"A great many things," she said, evasively. "You don't know how a girl is situated. Here is papa coming to town this very morning; Jim and Cicely have gone up to Paddington to meet him. Well, I don't know how he might regard it. If you wanted me to leave the theatre altogether, it would make a great difference; I do a good deal for Jim and Cicely."

"But, Katie," he said, and he took her hand in spite of her, "these are only matters of business! Do you think I can't make all that straight? Say yes!"—and he strove to draw her towards him, and would have kissed her, but that she withdrew a step, with her cheeks flushing prettily through the thin make-up of the morning.

"You must give me time, Percy," she said, with downcast eyes. "I must know what papa says."

"What time?"

"Well—a week," she said.

"A week be it: I won't worry you beyond your patience, dear Kate," said this infatuated young man. "But I know what you will have to say then—to make me the happiest of human beings alive on this earth. Good-bye, dearest!"

And with that he respectfully kissed her hand and took his leave; and so soon as she was sure he was out of the house she rang for breakfast, and called down to the little maid to look sharp with it, too. She was startled and pleased in one direction, and, in another, perhaps a trifle vexed; for what business had any man coming bothering her with a proposal of marriage before breakfast? How could she help displaying a little temper, when she was hungry and he over pertinacious? Yet she hoped she had not been too outspoken in her anger, for there were visions before her mind that somehow seemed agreeable.

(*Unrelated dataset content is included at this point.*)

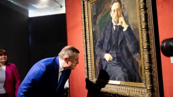 В центре экспозиции портрет Антона Чехова кисти Иосифа Браза. Рядом с ним располагаются три работы художника Иллариона Прянишникова отсылающие к сюжетам чеховских произведений - картины "Жестокие романсы" (1881), "Охота пуще неволи" (1882) и "В мастерской художника" (1890). Познакомиться с шедеврами можно до 5 ноября.

That was another anxious day for those people in Piccadilly, for the fever showed no signs of abating, while some slight delirium returned from time to time. Nina, of course, was in constant attendance; and when he began, in his wanderings, to speak of her and to ask Maurice what had become of her, she would simply go into the room, and take a seat by the bedside, and talk to him just as if they had met by accident in the Piazza Cavour. For he had got it into his head now that they were in Naples again.

"Oh, yes, it is all right, Leo," she would say, putting her cool hand on his burning one, "they will all be in time, the whole party; when we get down to the Risposta, they will all be there; and perhaps Sabetta will bring her zither in its case. Then there will be the long sail across the blue water, and Capri coming nearer and nearer; then the landing and the donkeys and the steep climb up and up. Where shall we go, Leo?—to the Hotel Pagano or the Tiberio? The Pagano?—very well, for there is the long balcony shaded from the sun, and after luncheon we shall have chairs taken out—yes, and you can smoke there—and you will laugh to see Andrea go to the front of the railings and sing, 'Al ben de tuoi qual vittima,' with his arms stretched out like a windmill, and Carmela very angry with him that he is so ridiculous. But then no one hears—what matter?—no one except those perhaps in the small garden-house for the billiard. Will there be moonlight to-night before we get back? To-morrow Pandiani will grumble. Well, let him grumble; I am not afraid of him—no!"

So she would carelessly talk him back into quietude again; and then she would stealthily withdraw from the room, and perhaps go to the piano and begin to play some Neapolitan air—but so softly that the notes must have come to him like music in a dream.